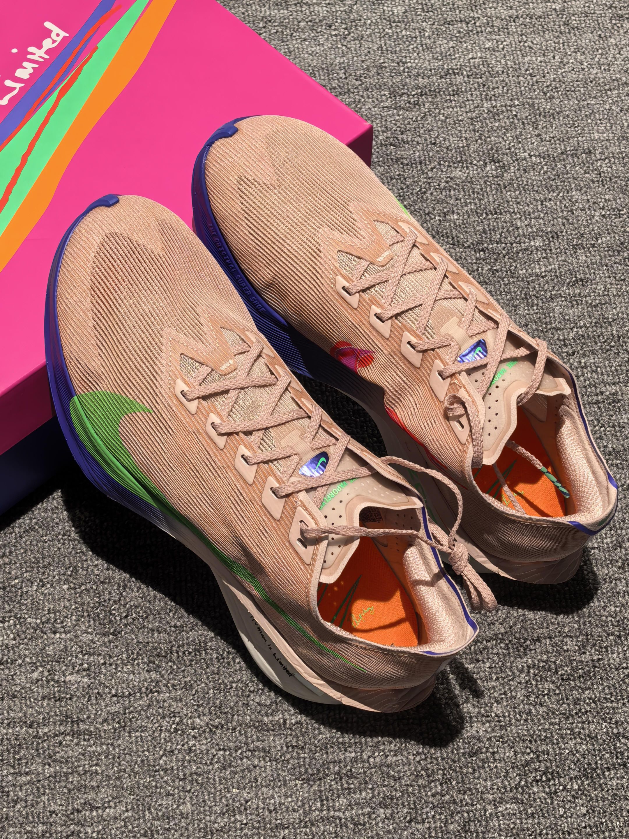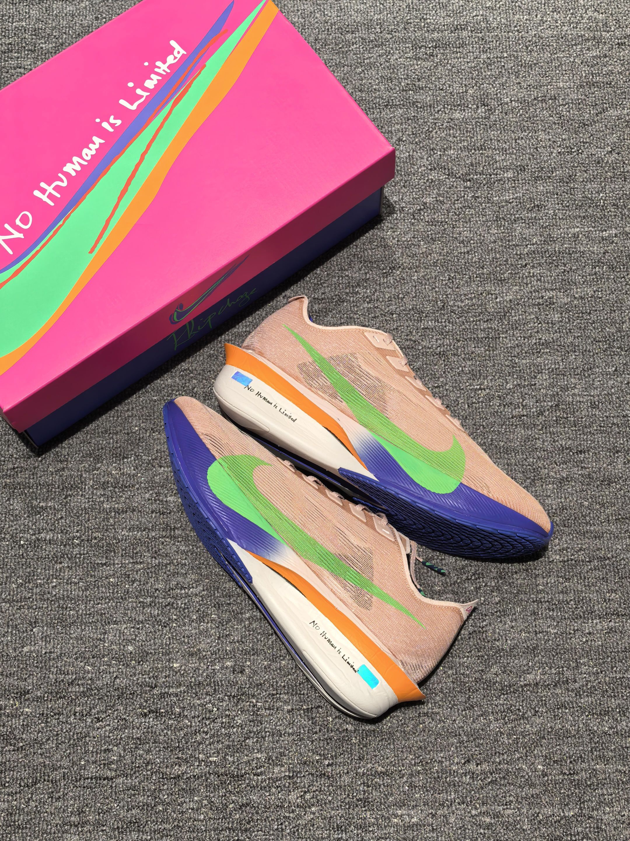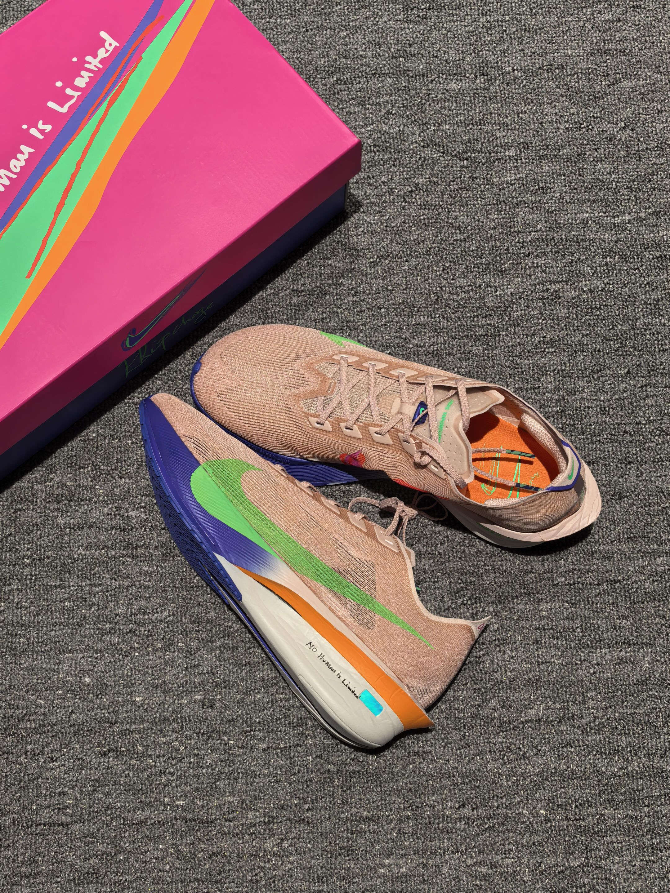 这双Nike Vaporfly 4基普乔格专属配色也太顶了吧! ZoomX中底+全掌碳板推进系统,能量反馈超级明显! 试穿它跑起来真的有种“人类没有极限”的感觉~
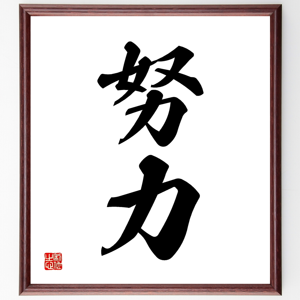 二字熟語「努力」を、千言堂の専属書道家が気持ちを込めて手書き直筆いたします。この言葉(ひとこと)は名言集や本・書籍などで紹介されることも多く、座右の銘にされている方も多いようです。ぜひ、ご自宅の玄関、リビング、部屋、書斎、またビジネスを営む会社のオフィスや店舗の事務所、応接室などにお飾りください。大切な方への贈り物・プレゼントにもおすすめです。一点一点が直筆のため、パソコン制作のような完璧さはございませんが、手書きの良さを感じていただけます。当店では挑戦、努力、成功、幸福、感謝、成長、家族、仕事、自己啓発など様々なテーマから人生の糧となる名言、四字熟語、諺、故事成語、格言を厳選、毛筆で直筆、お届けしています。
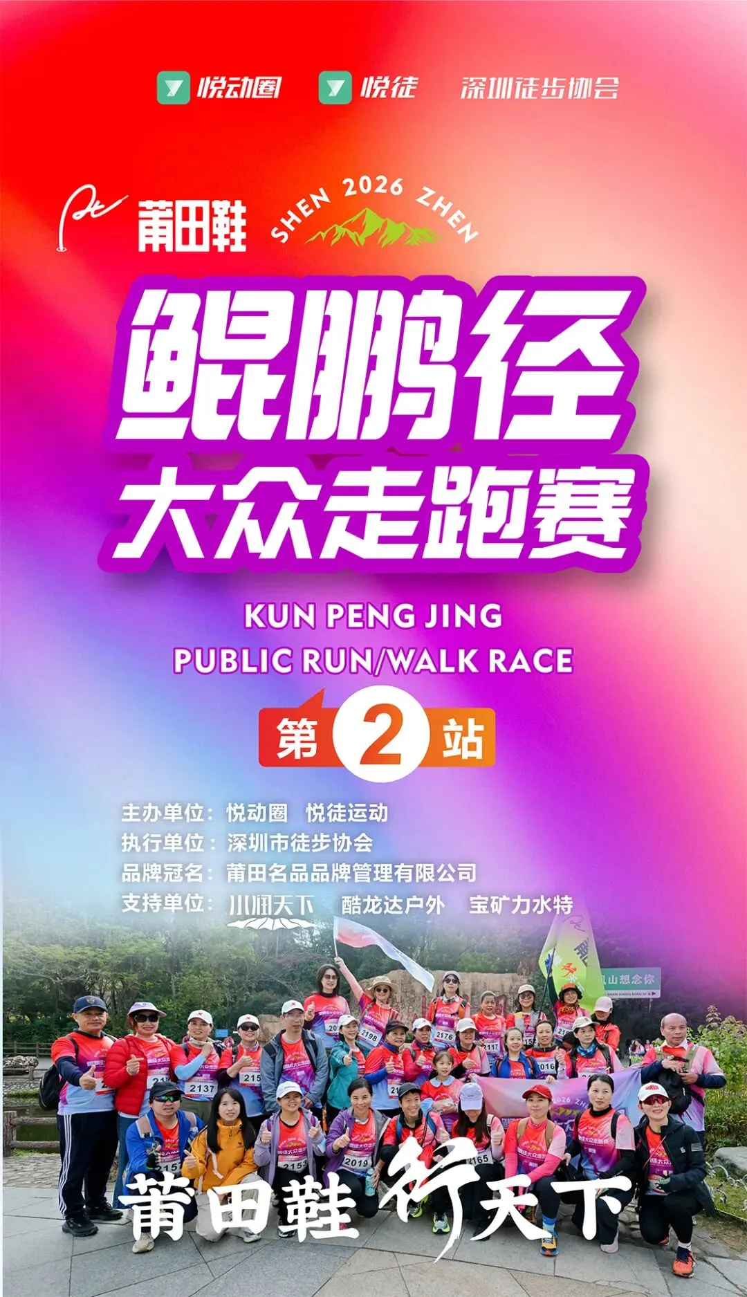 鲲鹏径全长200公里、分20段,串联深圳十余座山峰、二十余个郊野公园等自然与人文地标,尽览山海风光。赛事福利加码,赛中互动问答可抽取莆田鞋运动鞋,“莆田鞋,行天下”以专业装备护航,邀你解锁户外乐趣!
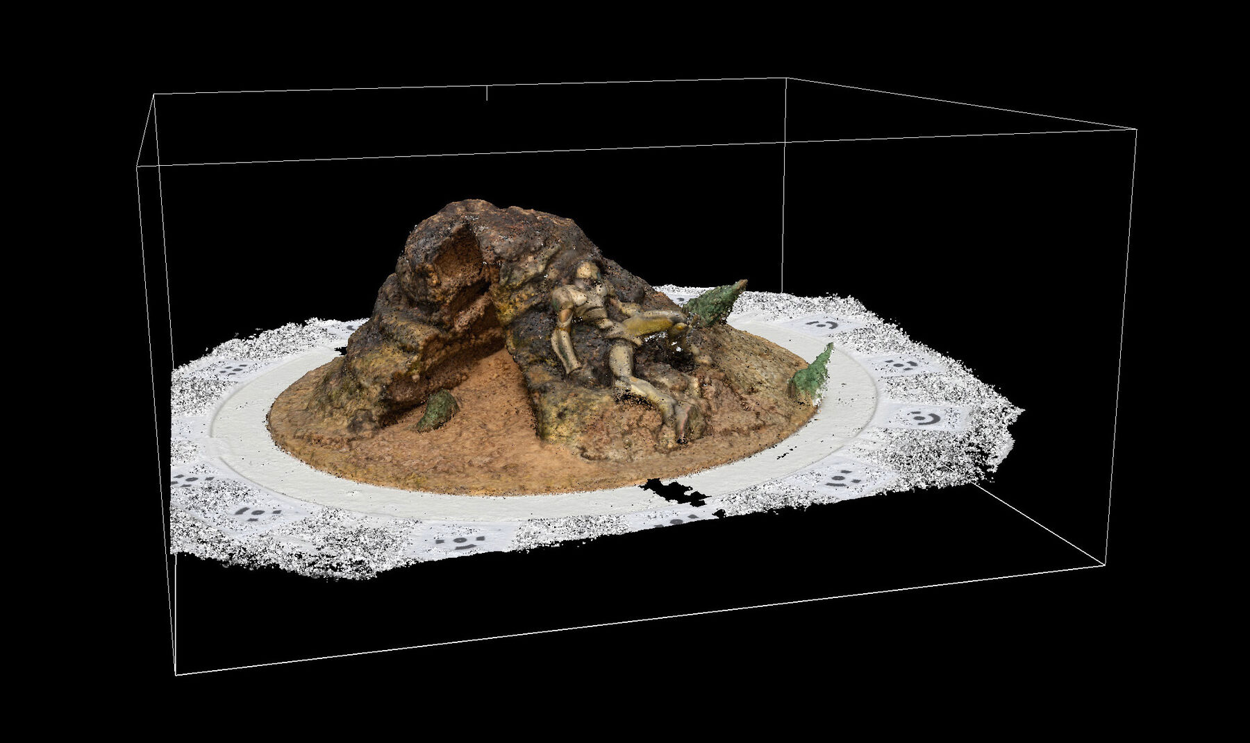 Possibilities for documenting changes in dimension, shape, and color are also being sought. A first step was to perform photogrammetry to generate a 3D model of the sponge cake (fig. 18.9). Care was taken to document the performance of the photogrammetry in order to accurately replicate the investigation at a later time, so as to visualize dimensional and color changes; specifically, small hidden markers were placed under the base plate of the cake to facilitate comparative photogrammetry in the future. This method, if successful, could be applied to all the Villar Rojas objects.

(Exercise details)
Output only the lines above from the one containing "二字熟語「努力」を、千言堂の" to the one containing "鲲鹏径全长200公里、分20", both included, exactly as written and with no pictures.

(Answer for this exercise)
 二字熟語「努力」を、千言堂の専属書道家が気持ちを込めて手書き直筆いたします。この言葉(ひとこと)は名言集や本・書籍などで紹介されることも多く、座右の銘にされている方も多いようです。ぜひ、ご自宅の玄関、リビング、部屋、書斎、またビジネスを営む会社のオフィスや店舗の事務所、応接室などにお飾りください。大切な方への贈り物・プレゼントにもおすすめです。一点一点が直筆のため、パソコン制作のような完璧さはございませんが、手書きの良さを感じていただけます。当店では挑戦、努力、成功、幸福、感謝、成長、家族、仕事、自己啓発など様々なテーマから人生の糧となる名言、四字熟語、諺、故事成語、格言を厳選、毛筆で直筆、お届けしています。
 鲲鹏径全长200公里、分20段,串联深圳十余座山峰、二十余个郊野公园等自然与人文地标,尽览山海风光。赛事福利加码,赛中互动问答可抽取莆田鞋运动鞋,“莆田鞋,行天下”以专业装备护航,邀你解锁户外乐趣!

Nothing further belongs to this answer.